Option B — full experience with leaderboards (recommended). Let Django serve both the frontend and the API from one origin:
pip install "django>=4.2"
python backend.py runserver 0.0.0.0:8000 # then visit http://localhost:8000The SQLite database and its table are created automatically on first launch; submitting and viewing leaderboards then works with no further setup. If you instead serve the frontend from a different origin (e.g. a separate static host), edit the single API_BASE constant at the top of app.js to point at the running backend. To sanity-check the backend logic on its own, run python backend.py selftest.
How to play.
- Pick a professor with the control at the top — 尤林慧 (strict), 沈俊顏 (easygoing), or 黃卡恩 (luck). The page recolours and the course changes; you stay on the same screen.

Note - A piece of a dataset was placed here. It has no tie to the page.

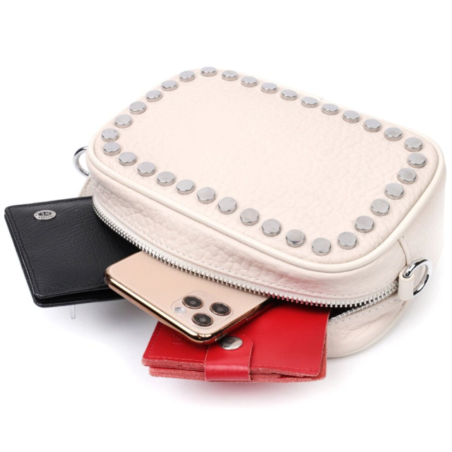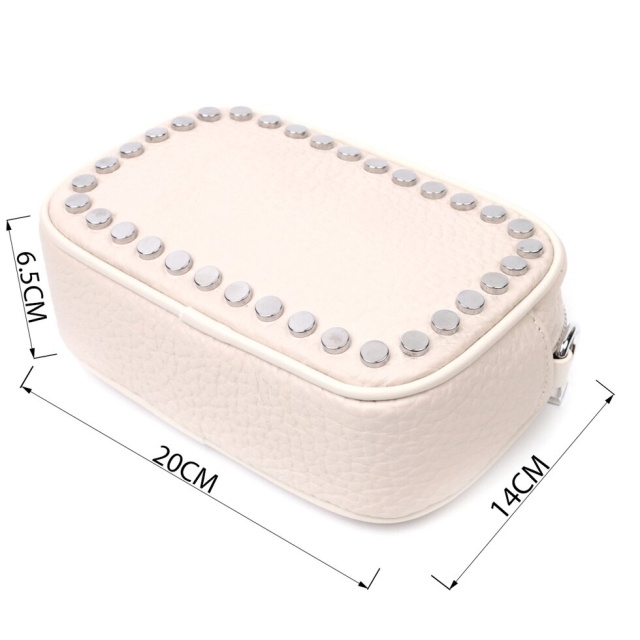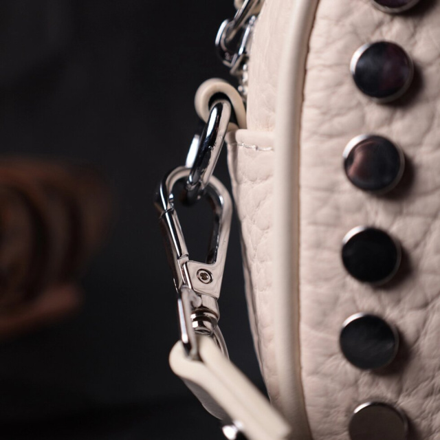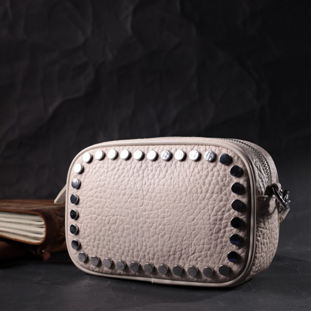 Ідеальна сумка жіноча з натуральної крупнозернистої шкіри, на лицьовій стороні, по краю, декорована кнопками у вигляді прямокутника. Аксесуар складається з одного основного відділення, потайної кишені на блискавці, кишені відкритого типу та кишені на блискавці зовні. Носити сумку можна в руках, на плечі і через плече, для цього є ручка для перенесення в руках і знімний ремінець з ланцюжком для переносу не плечі. У виробі використано надійну фурнітуру срібного кольору. Шкіряна сумка – найкращий подарунок для будь-якої дівчини.
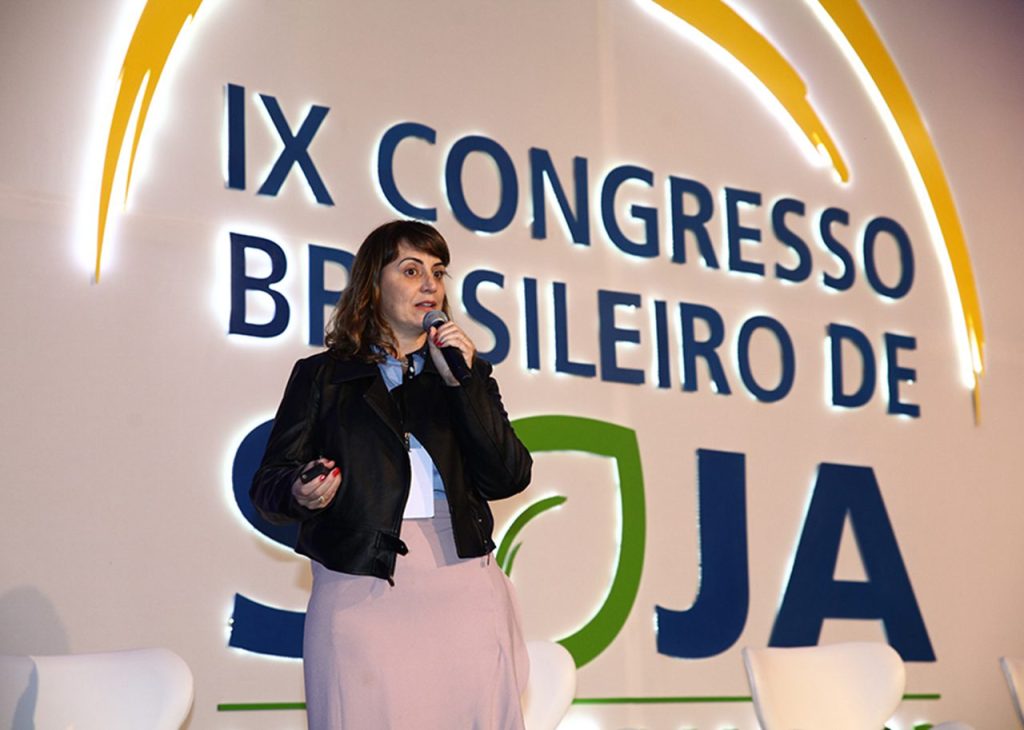 Pesquisadora Francismar Guimarães no IX Congresso Brasileiro de Soja (Créditos: Silvio Vera)

- Write your letter in the text area, in English or Chinese (or both), then press Send to Professor (or Ctrl / Cmd + Enter).
- Read the verdict. A grant reveals an authorization-code card; a denial gives targeted feedback on length, courtesy, salutation, and substance.
- (Optional) In the verdict dialog, enter a nickname, choose whether to attach your letter, and submit your attempt to that professor's leaderboard. You'll see your rank and can open the board directly.
- Open any professor's board anytime with the 🏆 buttons. Press Esc to close a dialog.
Notes. Each professor's grant threshold is hidden by design, and 黃卡恩's verdict is pure luck regardless of what you write. The app stays playable in heuristic mode if the model can't load. For deployment, the static frontend plus the lightweight Django API are a comfortable fit for the Oracle Cloud free-tier VM described in the proposal, since all ML inference happens on each visitor's device.